■ Records provided:
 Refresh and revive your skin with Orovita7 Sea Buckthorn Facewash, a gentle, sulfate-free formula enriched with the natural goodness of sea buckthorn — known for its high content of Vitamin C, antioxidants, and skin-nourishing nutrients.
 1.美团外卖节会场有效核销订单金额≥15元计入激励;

---

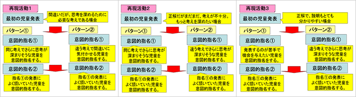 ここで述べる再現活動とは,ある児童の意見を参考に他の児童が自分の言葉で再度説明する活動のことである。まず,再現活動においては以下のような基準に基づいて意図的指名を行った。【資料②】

==

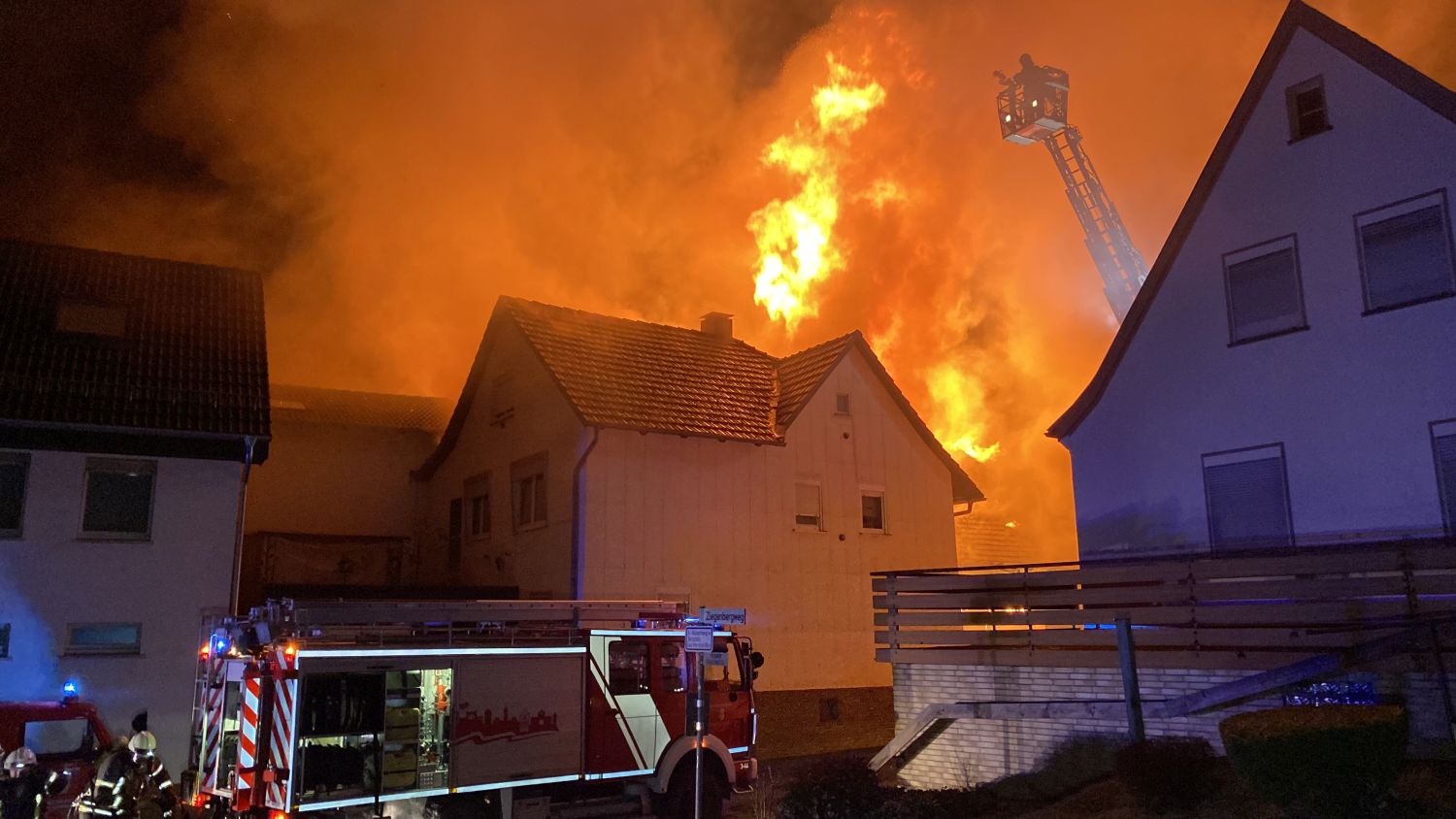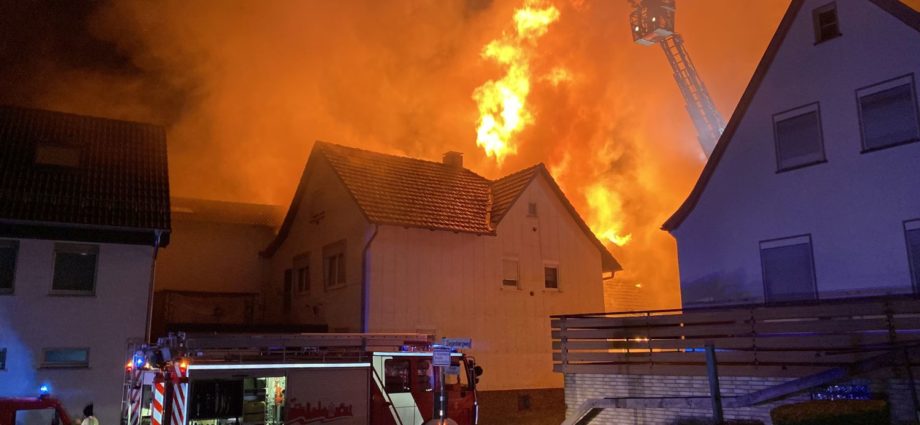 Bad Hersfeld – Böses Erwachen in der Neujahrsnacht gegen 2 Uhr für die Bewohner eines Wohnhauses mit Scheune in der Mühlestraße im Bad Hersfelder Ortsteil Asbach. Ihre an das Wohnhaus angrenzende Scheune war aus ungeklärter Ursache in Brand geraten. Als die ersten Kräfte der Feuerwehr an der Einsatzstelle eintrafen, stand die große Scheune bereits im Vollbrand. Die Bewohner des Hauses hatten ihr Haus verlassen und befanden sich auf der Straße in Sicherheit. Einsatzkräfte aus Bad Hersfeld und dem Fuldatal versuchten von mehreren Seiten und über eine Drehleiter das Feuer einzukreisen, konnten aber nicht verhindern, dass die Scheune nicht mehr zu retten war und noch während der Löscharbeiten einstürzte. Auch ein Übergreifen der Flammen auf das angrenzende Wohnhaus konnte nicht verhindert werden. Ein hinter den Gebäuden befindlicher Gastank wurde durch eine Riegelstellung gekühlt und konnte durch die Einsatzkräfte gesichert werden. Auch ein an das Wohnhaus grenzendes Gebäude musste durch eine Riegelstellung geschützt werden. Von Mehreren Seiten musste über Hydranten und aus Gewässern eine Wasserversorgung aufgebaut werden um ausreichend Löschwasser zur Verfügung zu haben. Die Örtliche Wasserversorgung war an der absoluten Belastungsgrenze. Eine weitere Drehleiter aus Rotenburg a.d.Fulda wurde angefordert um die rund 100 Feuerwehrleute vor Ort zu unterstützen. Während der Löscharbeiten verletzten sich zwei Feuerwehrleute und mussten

■ Task: Transcribe the records above from the line holding "Refresh and revive" down to the line holding "1.美团外卖节会场有效核销订单金额≥15元计入激励;", inclusive, without adding anything.

■ Output of the task:
 Refresh and revive your skin with Orovita7 Sea Buckthorn Facewash, a gentle, sulfate-free formula enriched with the natural goodness of sea buckthorn — known for its high content of Vitamin C, antioxidants, and skin-nourishing nutrients.
 1.美团外卖节会场有效核销订单金额≥15元计入激励;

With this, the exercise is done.